Just simple i and j loops that go to 9 each, but I realize now why it’s doing 10 of the first i[0], then 10 of the following i[1], i[2],…
Okay this is my understanding of two for loops. (in the comments)
Ehhhhhh, that’s too complicated. I think what you’re doing is you’re combining the two forloops into one thing when they’re two totally separate things. Also, this is good to read as it shows me what you’re thinking so it’s easier to fix it. What’s going on is:
- for each i from 0 to 9
- for each j from 0 to 9
- print i and j
- for each j from 0 to 9
The key to your misunderstanding is you have a comment saying what the two for-loops do only on the first for-loop. There are two, so you have an outer loop, and an inner loop. You have to disconnect them and treat them as separate entities that do one job.
Backup your code.
So, now let’s strip this down further. Rip out everything except the for(i) loop (outer loop), and print just i. Now, see how that goes from 0-9.
Now, put restore your code from your backup and remove the outer loop.
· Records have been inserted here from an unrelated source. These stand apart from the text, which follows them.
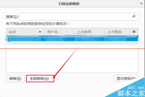 3、依然點(diǎn)擊“全部移除”即可(根據(jù)自己個(gè)人意愿),然后確定即可清除所有保存的賬號密碼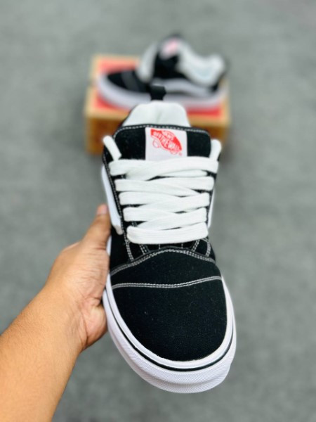 The Knu Skool is a modern interpretation of a classic 90s style, defined by its puffed up tongue and 3D-molded Sidestripe™, and tied off with oversized, chunky laces. With its in-your-face profile and dramatic style details, the Knu Skool plays off of the original Old Skool™ while blending an icon of the past with today’s trends.
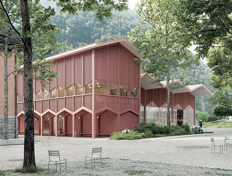 Der Ersatzbau für das heutige Pfarreizentrum soll zum neuen Stützpunkt für die Feuerwehr werden. Die Ausfahrt des Lokals mündet direkt auf die Schlossbergstrasse. Damit wird die Erschliessung vollständig vom Schulareal getrennt, was die Sicherheit auf dem Schulareal erhöht. Im gleichen Gebäude wird ein unterteilbarer Mehrzwecksaal mit Bühne, Küche und weiteren Nebenräumen realisiert. Dazu werden Räume für den Mittagstisch gebaut, damit dort bis zu 50 Kinder betreut werden können.
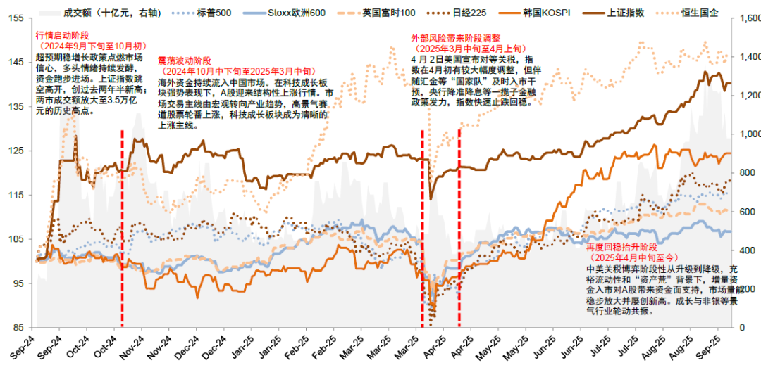 1) 上涨行情概况:三次上涨行情均表现出持续时间较长(2-3年左右)、整体涨幅明显、增量资金入市带来成交显著放大的特征。行情在启动起始期均为历史“大底”(2005年6月、2013年6月、2019年1月),投资者对后市预期极度悲观时期;从历史低点到指数层面的震荡上行,形成一定赚钱效应后,市场波动率逐渐加大,在上涨过程中也有数次震荡回调,伴随情绪反复、投资者行为分化等特征。相较之下,2024年9月A股从“大底”回升,期间也经历数次波折调整(如2024年10月、2025年4月等),投资者入市显现结构分化。

See how j now changes only from 0-9?
Ok, now restore your backup and run it again in your backup version, but notice how your outer loop runs one step, and then it runs all of the for(j) loop 0-9, then the outer loop starts again, and this resets the for(j) loop.
This shows you that what happens is after every iteration of the for(i) loop, the contents are reset, so then your for(j) loop starts over.
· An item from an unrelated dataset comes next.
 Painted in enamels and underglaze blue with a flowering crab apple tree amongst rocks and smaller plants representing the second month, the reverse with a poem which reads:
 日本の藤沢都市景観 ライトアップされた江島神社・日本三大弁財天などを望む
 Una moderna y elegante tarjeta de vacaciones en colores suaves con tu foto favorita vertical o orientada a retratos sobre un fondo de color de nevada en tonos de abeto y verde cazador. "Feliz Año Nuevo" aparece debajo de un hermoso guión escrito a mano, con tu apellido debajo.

Think that over then write me back a new explanation of what’s going on, and then answer this question:
- How do these two for-loops then map over a 2d grid?
- How do these two for-loops then map over a 2d grid?
The outer loop handles the height of the grid while the inner handles the width?
I know that loops aren’t language specific, but I bought your LPythonTHW book and want to change gears a bit and come back to C. I feel that Python is a better general language for my knowledge at this time (I’m getting another masters in Data Analytics and we are using Python and R). I’ll see you on the Python boards!
I do understand how they are independent loops now, however. I was mixing up my thinking because sometimes we can make j<i and then the inner loop is dependent on the outer loop. In my example that wasn’t the case. Is that right?
Uh yes, if you did that inside the inner loop then it’d get weird, and actually you wouldn’t do that unless you have a specific algorithm you were doing.
If C is your first language then I highly recommend you go do Python first. C is a terrible language, whether it’s your first or 20th. It is not fun to learn, has too many gun-foot scenarios, and won’t help you be any better as a programmer at first. Go learn Python. Then I’d say, JavaScript or Ruby, THEN try C.
Java is the language I am most familiar with. I have an intermediate knowledge of it, along with some design patterns like Builder and Factory. However, I wanted to learn C because it was closer to the hardware. Python is the goal right now because of the year-long code school I am hopping into. Your book has already helped a ton.
Ah, then I’d say you definitely want to go Python then C. Python is actually really close to Java in its design, but with a simpler syntax. That’ll get your brain back into coding and then C can come after that. C’s difficult is mostly in dealing with the platform.